侍卫用怜悯的眼光看着他,好心问他用不用找太医。
脸可真是丢尽了。
但鸿胪寺卿可不敢怨太子,只得怪这大戎使节不长眼。能给他们使绊子,鸿胪寺卿求之不得。
殿内的目光尽皆落在阿都达木身上,他知道躲不过了,索性深吸一口气上前,躬身行大礼,声音充满愧疚和惶恐,“陛下圣明,太子殿下恕罪。”
“前几日臣逛游京城,初尝中原佳酿,惊为天人,一时贪杯醉得糊涂,竟在鼎盛楼失了分寸,幸得殿下仗义出言,才将臣从浑噩中点醒。”
说着,他种种叩首,额头几乎贴在地上,“臣酒醒后悔恨不已,只恨当时醉得厉害,未能当面谢罪。今日得见殿下,臣恳请殿下恕臣酒后失仪之罪,此事皆因臣一人荒唐,与大戎汗国毫无干系,还请陛下与殿下莫要因此伤了两国和气。”
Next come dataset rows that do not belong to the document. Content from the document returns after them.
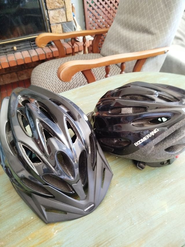 Dos cascos de bicicleta de la marca Boomerang. - Diseño aerodinámico. - Color negro brillante. - Talla S/M. - Usados una sola vez. - Unidad 12€
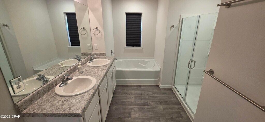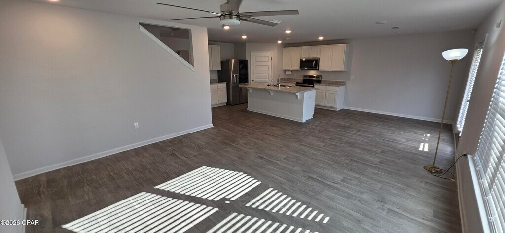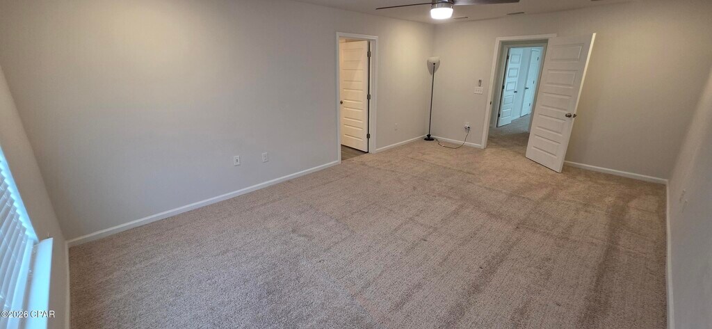Welcome to Brighton Oaks! This home offers a spacious two-story layout with 5 bedrooms, 3 bathrooms, and a 2-car garage with an upstairs loft. Inside, you'll find durable vinyl flooring throughout the main living areas, with comfortable carpet in the bedrooms, stairs, and upstairs hallway. The kitchen and bathrooms feature laminate countertops paired with sleek nickel hardware for a clean, modern look. A full Whirlpool stainless steel appliance package is included, featuring a free-standing electric range, microwave, and dishwasher.The main level includes a guest bedroom and full bath, while the remaining bedrooms are located upstairs for added privacy. The primary suite offers a generously sized bathroom complete with a walk-in closet, dual vanities, a separate shower, and a large soaking tub.at his great location, you'll have easy access to Zollie Young Park, Zollie Young Dog Park, and the Lynn Haven Sports Complex as well as the new Publix and Starbucks complex.Owner will pay for lawn care and electricity not to exceed $200/mo.
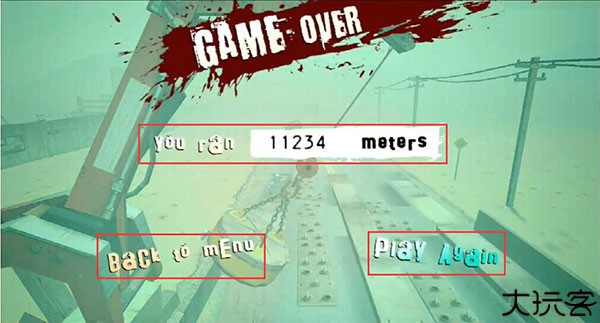 7、请一定要珍惜生命值,不管是受到僵尸攻击,还是误踩陷阱都会受到伤害,当玩家的生命值归零的时候,游戏即宣告结束。中间显示的是玩家的跑酷距离,点击左边的“BACK TO MENU”按钮会返回菜单,点击右边的“PLAY AGAIN”按钮会重新开始一局游戏。

这番话,不辩解,不推诿,直认酒后失德,又将姿态放得极低,反倒让人不好再追究。
祝余听的想笑,大戎人将酒当水一般喝,鼎盛楼多是文人聚会,再烈的酒又能烈到何等程度,不知大戎的正使是喝了多少才能醉成这幅样子。
而且喝醉了就去调戏女子?不就是想用醉酒之名行畜生之行径,怎么就没见到醉酒之人去找一个彪形大汉决斗的。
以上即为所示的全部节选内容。